Stored dataset items:

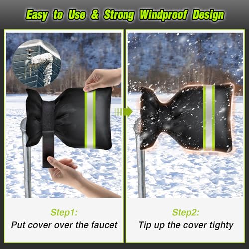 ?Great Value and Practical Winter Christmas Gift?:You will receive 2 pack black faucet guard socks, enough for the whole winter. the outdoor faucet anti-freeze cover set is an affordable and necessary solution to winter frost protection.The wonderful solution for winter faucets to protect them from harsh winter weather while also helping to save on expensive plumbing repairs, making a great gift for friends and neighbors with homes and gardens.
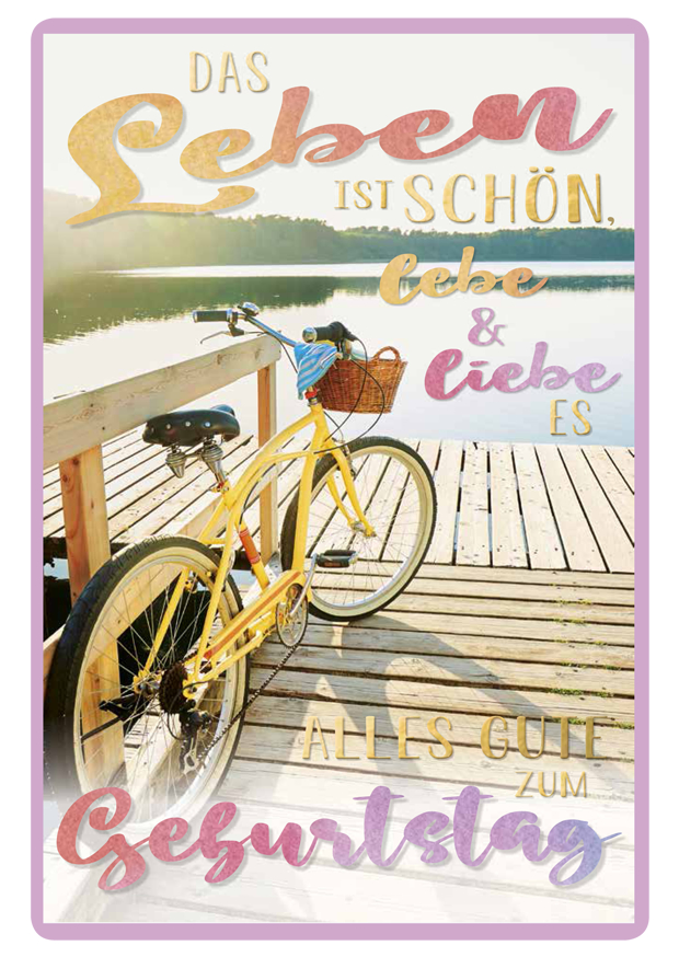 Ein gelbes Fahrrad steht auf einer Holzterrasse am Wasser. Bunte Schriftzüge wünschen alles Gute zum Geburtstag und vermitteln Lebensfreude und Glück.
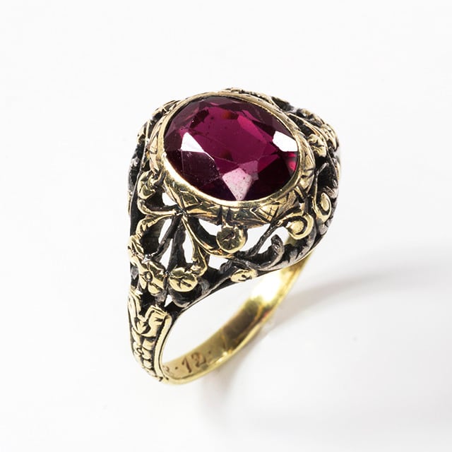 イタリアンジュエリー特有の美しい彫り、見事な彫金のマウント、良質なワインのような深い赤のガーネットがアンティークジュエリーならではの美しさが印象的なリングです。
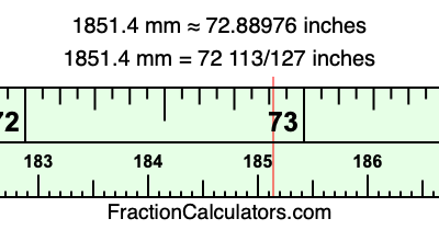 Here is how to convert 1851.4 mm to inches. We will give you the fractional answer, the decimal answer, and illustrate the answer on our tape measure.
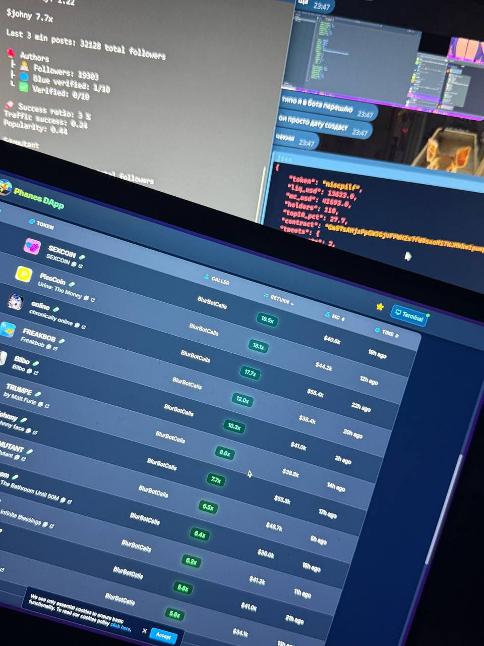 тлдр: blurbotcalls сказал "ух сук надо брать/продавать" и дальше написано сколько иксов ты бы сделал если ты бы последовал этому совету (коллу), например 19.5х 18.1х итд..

Aim of the exercise:
Beginning at the line that contains "Ein gelbes Fahrrad", give the remaining lines of the records again exactly, through the last one. Leave out pictures.

Output for this exercise:
 Ein gelbes Fahrrad steht auf einer Holzterrasse am Wasser. Bunte Schriftzüge wünschen alles Gute zum Geburtstag und vermitteln Lebensfreude und Glück.
 イタリアンジュエリー特有の美しい彫り、見事な彫金のマウント、良質なワインのような深い赤のガーネットがアンティークジュエリーならではの美しさが印象的なリングです。
 Here is how to convert 1851.4 mm to inches. We will give you the fractional answer, the decimal answer, and illustrate the answer on our tape measure.
 тлдр: blurbotcalls сказал "ух сук надо брать/продавать" и дальше написано сколько иксов ты бы сделал если ты бы последовал этому совету (коллу), например 19.5х 18.1х итд..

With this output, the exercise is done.